Bapcor has announced it is increasing its full franked interim dividend of 10 cents per share, which is up 11.1% on this time last year.

Bapcor CEO Noel Meehan believes it was a "solid first half result despite the challenges of COVID-19 restrictions".

Pointing to the company's future he said: "During the half, we expanded our geographic footprint, opening 8 Retail stores, 4 Burson stores and 6 Specialist Wholesale sites resulting in Bapcor now having a presence in over 1,100 locations throughout Australia, New Zealand and Thailand."

On the opening, shares were slightly down at $6.93.


Software and services company Megaport announced strong revenue growth through the acquisition of new customers.

Its latest ASX reports show both monthly recurring revenue and annualised revenue were up 23%, while the total number of new customers increased by 7% to 2,455.

It also points out that its total number of services increased by 12% while the total number of ports it works in is up 11% to 8,523.

However, Megaport did not make a profit with net losses for the first half of 2022 of $20,233,000.

Shares fell slightly to $13.11 following today's announcement.

IDP Education

Helping international students study in English-speaking countries, the global leader in international education services managed to shake off the pandemic and border closures to announce a record-breaking half-yearly result.

Highlighting strong growth in the Northern Hemisphere, IDP Education reported total revenue of $397 million. This is an increase of 47% compared with the same period in FY21.

Earnings before interest and tax (EBIT) was $77.9 million, an increase of 61% compared with the same period last year. Excluding one-off expenses and amortisation charges for acquired intangibles, adjusted EBIT was $80.7 million, an increase of 64% versus H1 FY21.

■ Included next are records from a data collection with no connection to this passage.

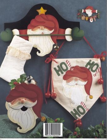 Very cute beginner projects for Christmas, winter, and everyday - nativity tree skirt and banner, animal ornaments on dowel tree, teddy bear with changeable clothes for the holidays, Christmas stockings, kiss the cook teddy bear on apron - recipe folder - plaque, Santa and reindeer, Santa on birdhouse - towel bar - canvas banner.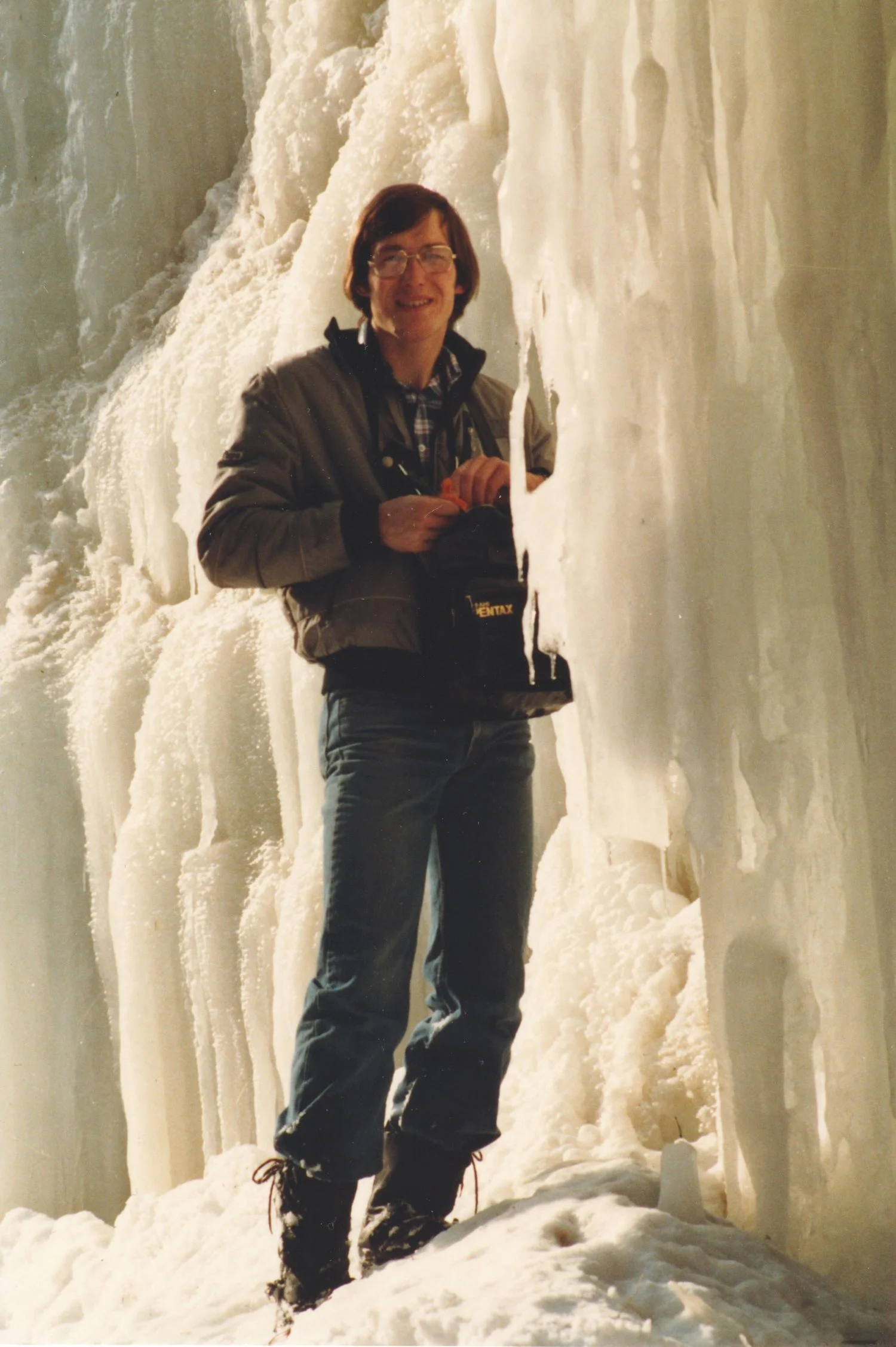 Original: oil on hardboard panel 29 3/4 x 17 1/2” (sold)Water trickling down the limestone cliffs of the Elora Gorge on the Grand River create frozen crystal columns.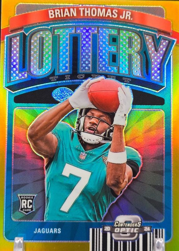 The Brian Thomas Jr. 2024 Contenders Optic #LT-BTJ Lottery Ticket - Gold /10 Rookie card in Raw condition has not changed in price in the last 30 days and was last sold for $164.11 .

IDP notes total student placement volumes were up 33% for the year, with a growing demand for Northern Hemisphere countries driving a 63% increase in multi-destination student placement volumes.

Although Australia remains subdued, IDP believes the strong rebound overseas could be seen in Australia when the country opens up.

Andrew Barkla, IDP chief executive officer and managing director, notes a strong business model and attractive policy landscape has a strong rebound in results.

Shares fell 1.53% to $31.16 during morning trading.